J.J. Abrams’ new Star Trek hits the big screen this Friday. IDW published a four issue comic series that sets the stage for this project, now available in trade paperback edition.

General Information

Title: Star Trek: Countdown

Author: Story by Roberto Orci and Alex Kurtzman, script by Mike Johnson and Tim Jones

Illustrator(s): David Messina (artist and additional colours), Giovanni Nero (colour artist) and Paolo Maddaleni (additional colours)

Cover Date: January through April 2009

ISBN: 978-160010420-6

Cover Price: $3.99 US for each of the four issues. $17.99 US for the TPB

Buy from: Amazon.com or Amazon.ca

Premise

The star of the Horus system within the Romulan empire is growing towards a highly unusual nova. This is unlike any naturally occuring nova that has ever been seen, which could be why nobody on Romulus believes Federation ambassador Spock when he warns them this disaster may expand and consume the entire Romulan empire, if not the entire universe. Captain Nero of a Romulan mining vessel does believe him, as his crew barely escaped from the danger once already. He joins Spock on a trip to Vulcan to seek a means to halt the expansion of the star, but the Vulcan leaders are as blind as the Romulans. Spock teams with some of his old Federation companions to try and find another way to save the star, but they are not in time to save Romulus. This loss sends Nero over the edge, and he embarks on a mission of vengeance.

High Point

The Enterprise captain suggests a means of obtaining decalithium.

Low Point

As this is a movie prequel, there are a lot of unresolved plot points. There doesn’t seem to be much reason to read it if you don’t plan to see the movie.

The Scores

There are original elements when we learn the current status quo of the Star Trek: The Next Generation cast members we meet in this series. This has a major impact on the political aspects of the Next Generation worlds, as well. Sadly, the primary plotline is neither unusual nor able to stand on its own. I give it 4 out of 6.
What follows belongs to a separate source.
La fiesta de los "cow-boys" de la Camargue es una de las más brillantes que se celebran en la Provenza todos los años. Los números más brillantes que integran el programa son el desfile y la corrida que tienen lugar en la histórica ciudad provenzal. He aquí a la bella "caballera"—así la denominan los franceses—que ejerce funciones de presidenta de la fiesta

The artwork is quite good. There’s no question about who we are looking at at any given time, despite the fact that the artists have also aged the characters a bit. I give it 5 out of 6.
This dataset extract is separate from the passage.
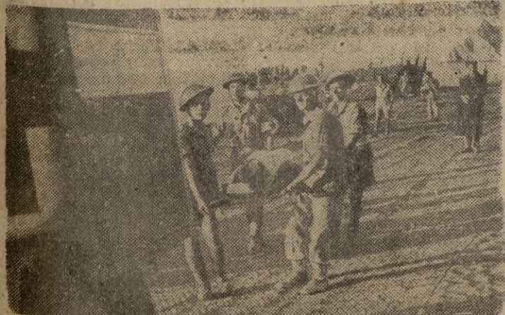
Los heridos aliados en los campos de Italia son trasladados a la retaguardia.

The story is somewhat limited by the nature of the project. According to Wikipedia, this was conceived as a way to pass the baton from the Next Generation characters back to the original crew, much as the baton had been passed for Star Trek: Generations. It serves that end well, showing more of what happens to the Next Generation crew after Star Trek: Nemesis. Simultaneously, it also does a good job of showing how the formerly normal Nero will become the villain in this Friday’s movie. What it doesn’t do is tell a story with a beginning, a middle, and an end. The main plotline is strong enough for an expositional backstory for a character in a feature film, but it’s not enough to carry a four issue comic series in and of itself. I’m sure the writers would have structured it differently had they not been aiming for where the movie begins, but it’s still not an entirely satisfying read on its own. The structure is also a bit repetitive. Three of the four Next Generation characters we’ll encounter here are introduced in the same manner; a disembodied voice on page n (where that page appears on the right hand side of the open book), which then becomes a full character reveal on page n+1. Two of these three even appear on the last page of an issue. I give it 4 out of 6, with some forgiveness due to restrictions of the nature of the project.
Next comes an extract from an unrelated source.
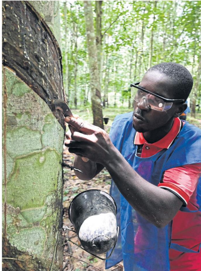
LEFT Annual Ivorian rubber production is 624,000 tonnes and some forecasts hold that it may reach one million.

Headline: Ivory Coast's planters dismiss linking rubber to deforestation

The characterization works well. The familiar characters are all acting as we expect them to, with the possible exception of Spock, who seems to be more in touch with his human side than he used to be. The primary new character, Nero, is well defined, transformed from a typical captain of a mining craft into a vengeful adversary capable of mass destruction. I give it 5 out of 6.

The emotional response is good. Others may be less satisfied with the Next Generation characters they chose to use, as there are only four of them, but my two favourites are here, and those we do see are here naturally, so I’m happy. The main plot falls a little flat, but I wasn’t expecting much from it. I give it 4 out of 6.

The flow is smooth. There’s no problems reading through from frame to frame in most cases. There are some two pages spreads that are easy to spot as such, but some aren’t. The normal visual cue to a two page spread is some sort of object spanning the page split, or a panel that clearly crossed the line. Most use this technique, but there were two in particular whose only page-spanning panels had nothing but the stars of space between them. The “conversation” panels on those pages had to be read across the spine, but ended at the spine. In both cases, I missed the visual cue of space and had to double back to reread a couple of panels to follow in the intended order. I give it 4 out of 6.

Overall, this is a decent miniseries, and certainly worth a read if you’re a Next Generation fan who intends to see the new movie. I give it 4 out of 6.

In total, Star Trek: Countdown receives 30 out of 42.